Assigned task ▸ Make an exact copy, from the records below, of the lines from the line containing "- Certified Safety" to the line containing "跨境欧美风亚马逊跨境百搭植物图案3D印花短袖村衫短裤套装", both lines included, excluding pictures.
====
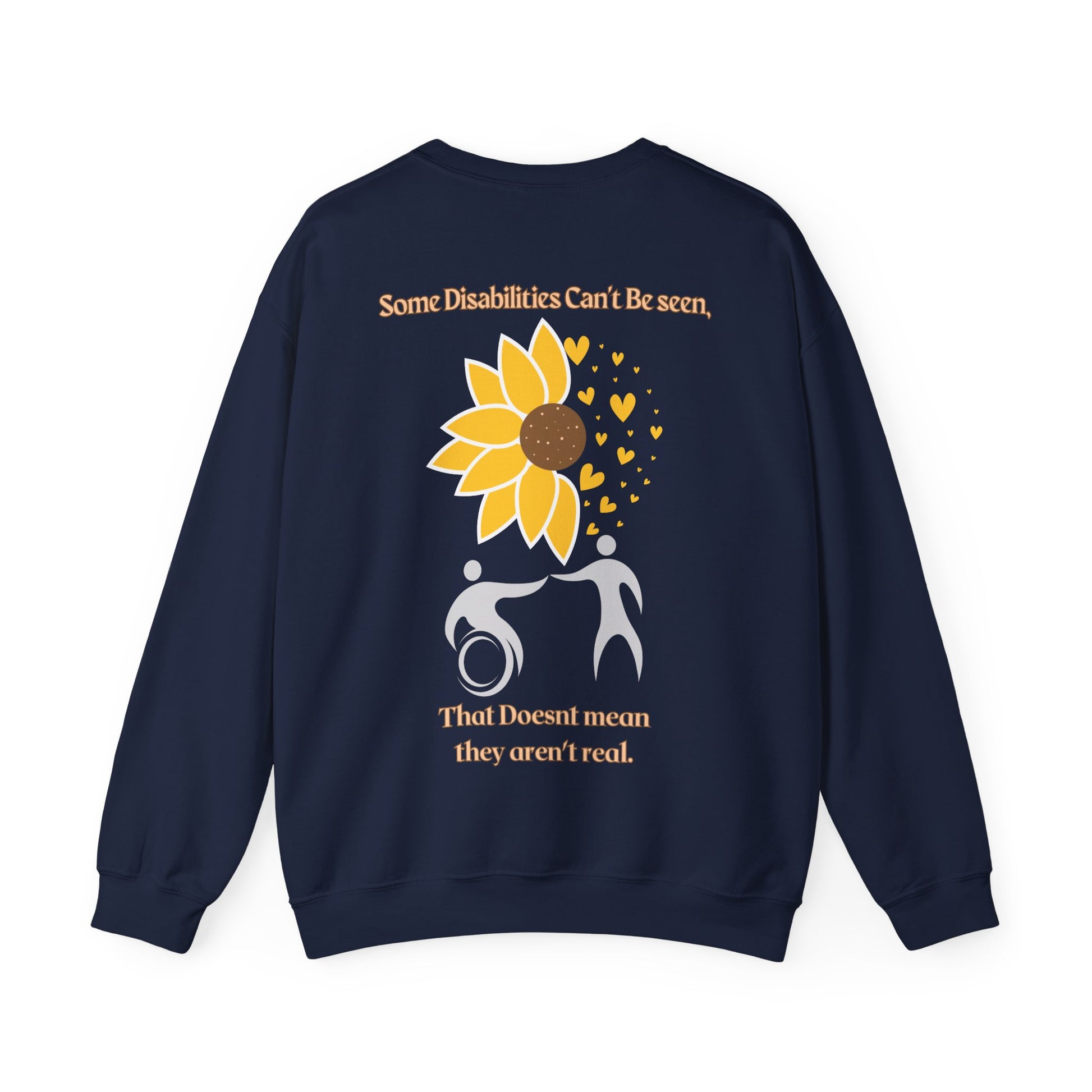 Embrace comfort with our stylish Crewneck Sweatshirt, designed for warmth and authenticity. This sweatshirt offers a thoughtful and empowering message on the back, perfect for raising awareness and promoting empathy. It's a great fit for individuals who value comfort and want to spread positivity and raise awareness for disabilities.
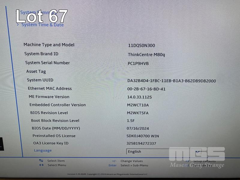 DESKTOP PC, LENOVO THINKCENTRE M80q TINY, TYPE 11DQ, CORE i5 10400T (10TH GEN) @ 2GHz, 8GB DDR4 RAM, 256GB NVMe M.2 SSD, INTEL UHD GRAPHICS 630, WINDOWS 11 HOME INSTALLED & POWER SUPPLY (NO KEYBOARD, NO MOUSE) S/N:PC1P9HVB
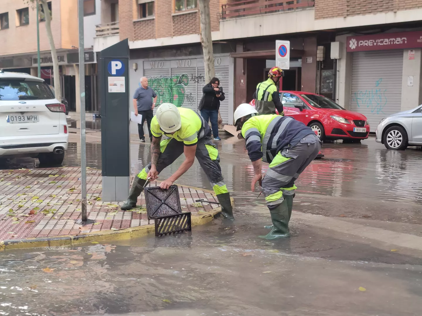 La Policía Local ha cortado uno de los carriles de la calle Alarcos. A la zona han acudido efectivos de Emergencia Ciudad Real, que han ayudado a evacuar el agua hacia la red de saneamiento, y de la empresa concesionara del Servicio de Aguas, Aquona.
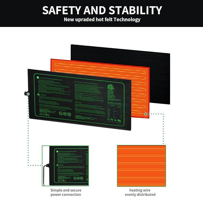 - Certified Safety & Reliability:Ruyyi plant warming mat with ETL listed,Conforms with UL 499, Conforme à la norme UL 499,CSA C22.2 No64
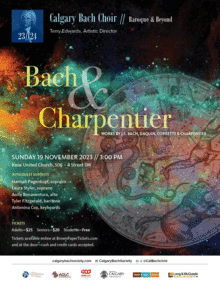 Hannah Pagenkopf, soprano Laura Styler, soprano Aoife Bonaventura, alto Tyler Fitzgerald, bass-baritone Antonina Cox, organ & continuo harpsichord Calgary Bach Choir and Chamber Orchestra Terry Edwards, Artistic Director
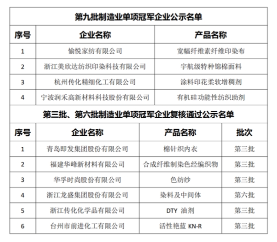 印染行業(yè)多家企業(yè)入選工信部制造業(yè)單項(xiàng)冠軍名單
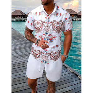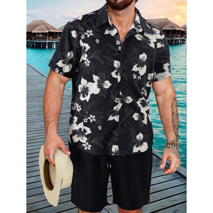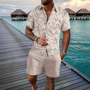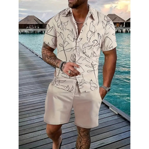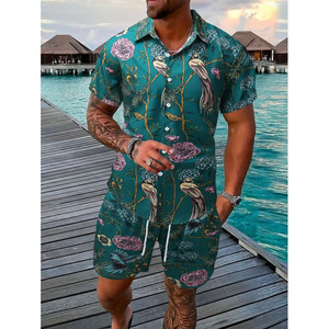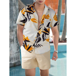跨境欧美风亚马逊跨境百搭植物图案3D印花短袖村衫短裤套装
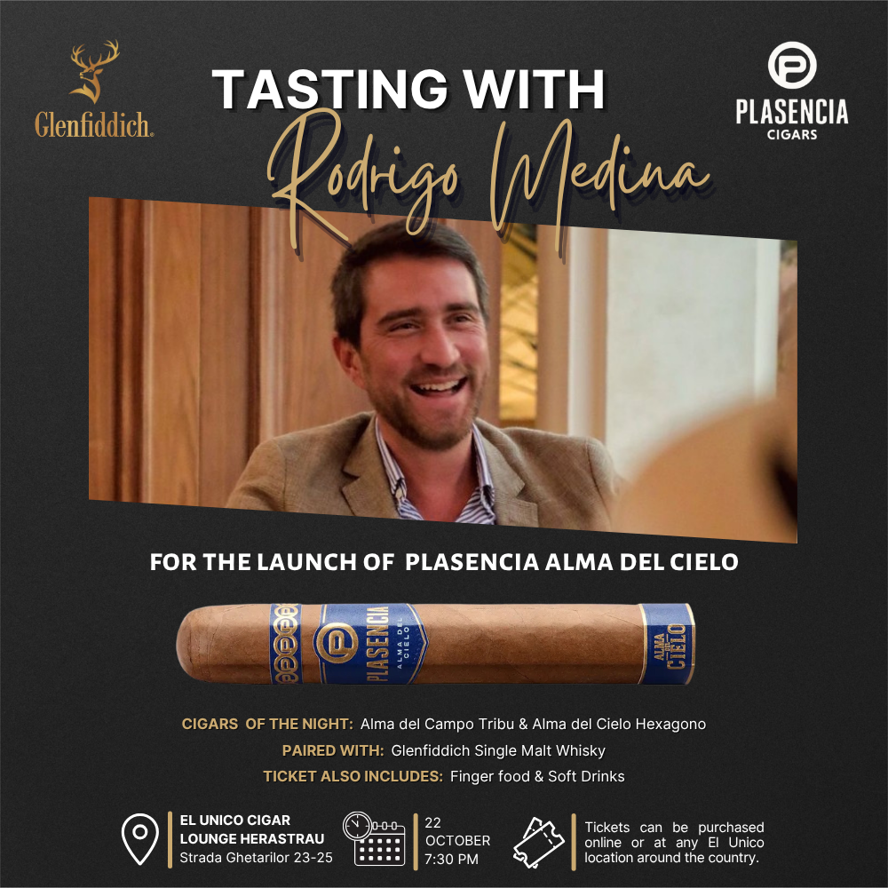 Suntem onorați să îl întâmpinăm pe Rodrigo Medina Mendieta, director regional EMEA & Asia al Plasencia Cigars, care ne va împărtăși din cunoștințele sale și ne va conduce într-o călătorie unică de degustare.
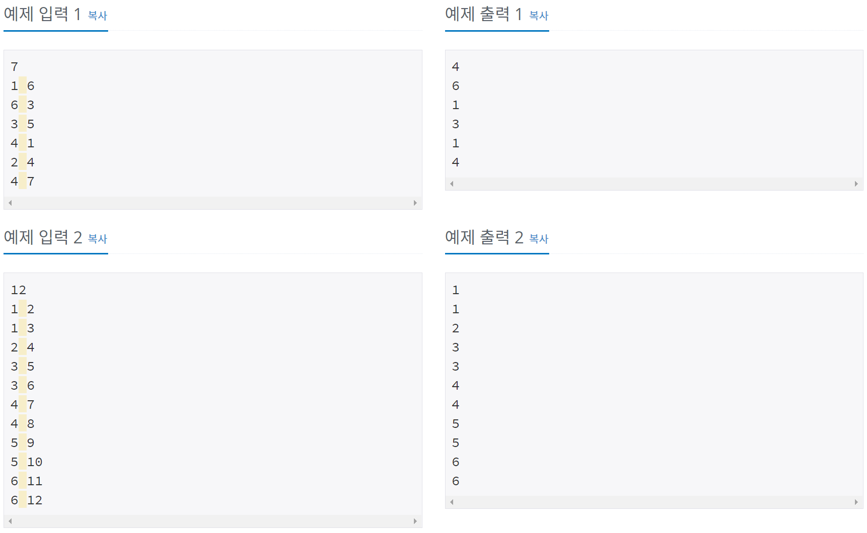 루트 없는 트리가 주어진다. 이때, 트리의 루트를 1이라고 정했을 때, 각 노드의 부모를 구하는 프로그램을 작성하시오.
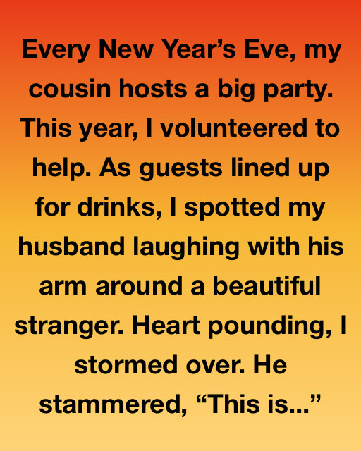 Every New Yearโs Eve, my cousin hosts a big party. This year, I volunteered to help. As guests lined up for drinks, I spotted my husband laughing with his arm around a beautiful stranger. Heart pounding, I stormed over. He stammered, โThis is…โ
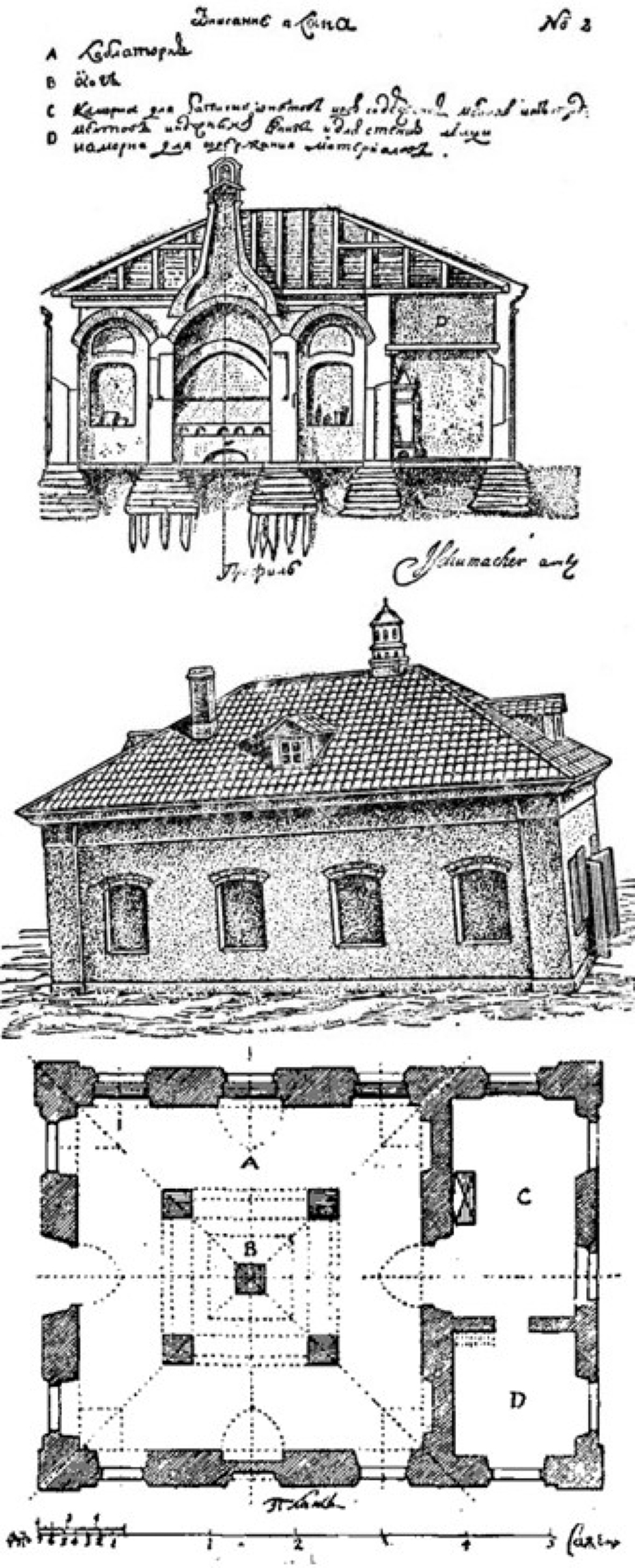 Рис. 3. Разрез, внешний вид и план первой в России научной химической лаборатории (чертёж архитектора И.Я. Шумахера)
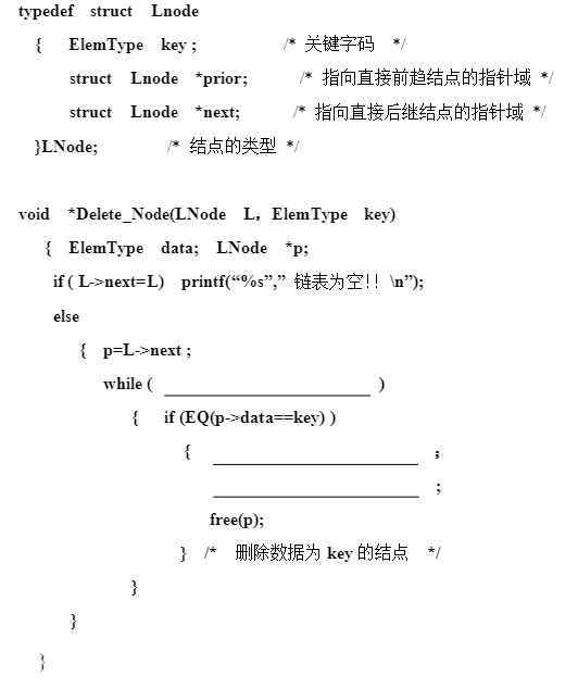 设有一个以L为头结点的双向循环链表,删除数据为key的所有结点,数据结构定义如下:
====
Result of the task ▸
 - Certified Safety & Reliability:Ruyyi plant warming mat with ETL listed,Conforms with UL 499, Conforme à la norme UL 499,CSA C22.2 No64
 Hannah Pagenkopf, soprano Laura Styler, soprano Aoife Bonaventura, alto Tyler Fitzgerald, bass-baritone Antonina Cox, organ & continuo harpsichord Calgary Bach Choir and Chamber Orchestra Terry Edwards, Artistic Director
 印染行業(yè)多家企業(yè)入選工信部制造業(yè)單項(xiàng)冠軍名單
跨境欧美风亚马逊跨境百搭植物图案3D印花短袖村衫短裤套装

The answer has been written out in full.